ヤフーとLINE、経営統合に至った共通の危機感とは?

 ヤフーの親会社Zホールディングス(ZHD)とLINEは11月18日、両社の経営統合に関する記者会見を開催し、経緯と今後の方針を発表した。

経営統合に向け握手を交わす
ZHDの川邊健太郎社長CEO(左)とLINEの出澤剛社長CEO(右)

 今回の経営統合では、ZHDとLINEが経営統合を行い、その傘下にヤフーとLINEの事業会社が100%子会社として入ることになる。両社は対等な立場で事業を進めていくという。
 
統合後の構造(予定)

 LINEの出澤剛社長CEOは、「これまで両社は切磋琢磨する関係だったが、今日11月18日、手を取り合って、さらに高見を目指すという決断をした」と述べ、ZHDの川邊健太郎社長CEOは、話題になったラグビーW杯になぞらえて「最強の“One Team”を目指していく」と両社の関係を表現し、両者は握手を交わした。

 会見では、経営統合に至ったエピソードを紹介。ここ数年、毎年一回ほど川邊社長から出澤社長に対し、「何か大きなことを一緒にやろう」とラブコールがあった。これまで、具体的な話には至らなかったが、今年に入ってから出澤社長は「思うところがあった」とし、経営統合に向けて始動。その「思うところ」が、「共通する二つの強い危機感と成し遂げたい大きな志」だ。

経営統合に至った経緯

 危機感の一つは、“グローバルテックジャイアント”の存在だ。現在は、強大な企業に人材やデータ、金が集約されてしまうビジネス構造になっている。現状、ZHDとLINEが経営統合を果たしたとしても、単純計算で時価総額3兆円、営業利益1600億円、研究開発費200億円、従業員数1.9万人と、海外の大企業に比べて、桁が一つ、二つ足りない状況だ。

 出澤社長は、「世界のインターネット産業の中で、日本の存在感は非常に小さく、差が開いている」と分析。

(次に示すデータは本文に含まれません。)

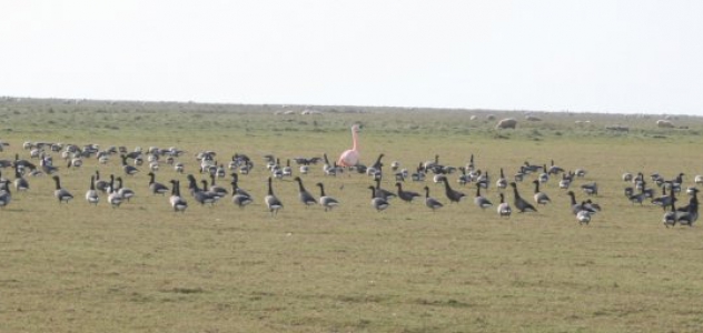 Image surprenante : un flamant rose au beau milieu des oies bernaches. Ce cliché rare a été pris cette semaine dans la baie du Mont Saint-Michel au pied de Genets, pas loin du Bec d'Andaine.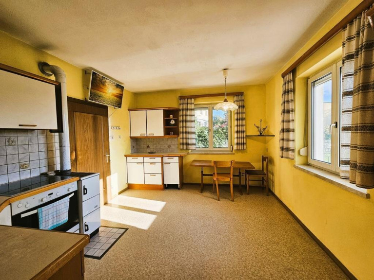 Im Erdgeschoss befindet sich eine möblierte Küche, von der man direkt in das Wohnzimmer gelangt. Weiters stehen ein Schlafzimmer, ein Badezimmer, eine separate Toilette sowie Vorraum und Garderobe zur Verfügung.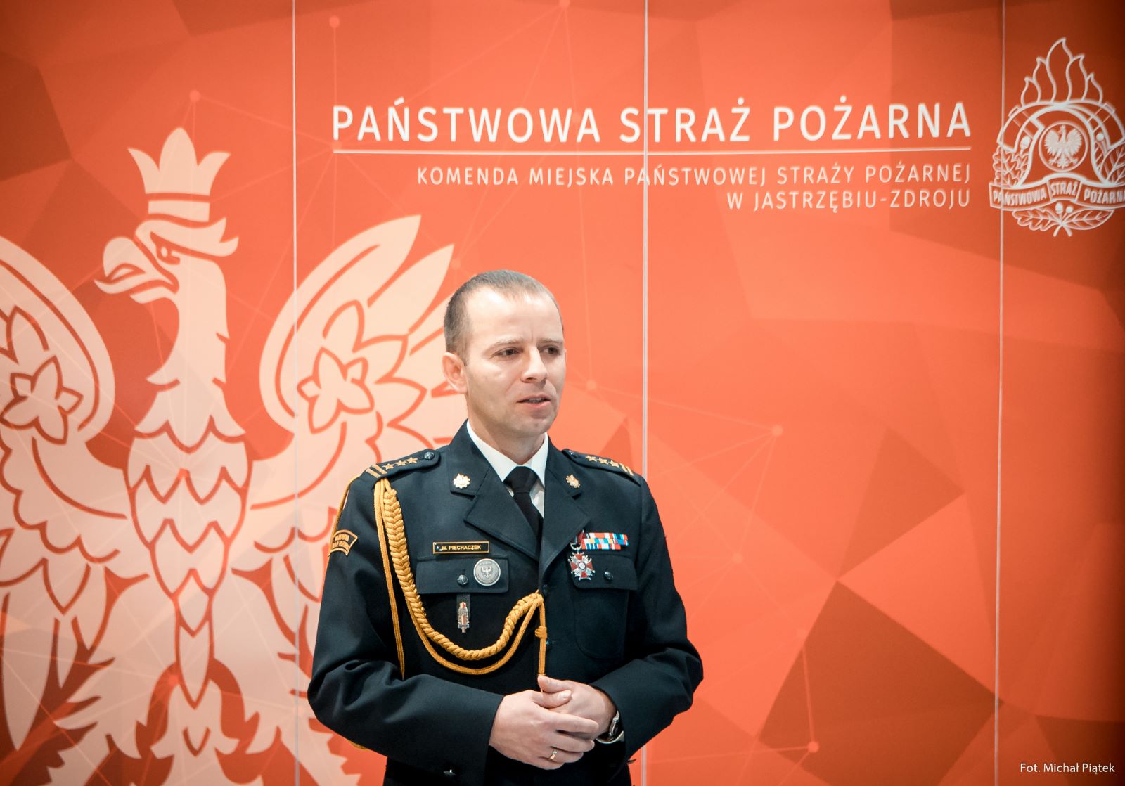 W dniu 10 listopada 2022 roku o godzinie 8:00 w siedzibie Komendy Miejskiej PSP w Jastrzębiu-Zdroju odbyła się uroczysta zbiórka z okazji 104 rocznicy odzyskania przez Polskę niepodległości. Uroczystość ta połączona była z przyjęciem w poczet strażaków tut. Komendy 2 funkcjonariuszy. Rozpoczęła się od złożenia meldunku przez st. kpt. Piotra Markiewicza – dowódcy uroczystości o rozpoczęciu uroczystej zbiórki z okazji Święta Niepodległości Komendantowi Miejskiemu PSP w Jastrzębiu-Zdroju st. bryg. Wojciechowi Piechaczkowi.

「あらゆる産業がデジタル化する中でこの差が広がり続けると、国力や文化にまで影響が出かねない」と懸念を明かした。

 もう一つの危機感は、「“課題先進国”と言われる日本において、テクノロジーで解決できる課題がまだまだあり、それを解決できていない」(川邊社長)ことだという。「労働人口の減少やそれに伴う生産性・効率の低下、自然災害などへの対策に、ITをもっと役立てるはず」と話し、もどかしさをにじませた。

 一方、大きな志について川邊社長は「日本に住む人々に最高のユーザー体験を提供し、社会課題を解決していく」ことだと述べた。まずは、日本にフォーカスしたAIテックカンパニーとして日本固有の課題を解決していくとした。

 出澤社長は、「日本を起点にアジアにも最高のユーザー体験を提供する」と続け、日本の次はすでにLINEのユーザーが多いタイや台湾などの国々でサービスを強化する方針を示した。その上で、「日本・アジアから世界をリードするAIテックカンパニーを目指す」とした。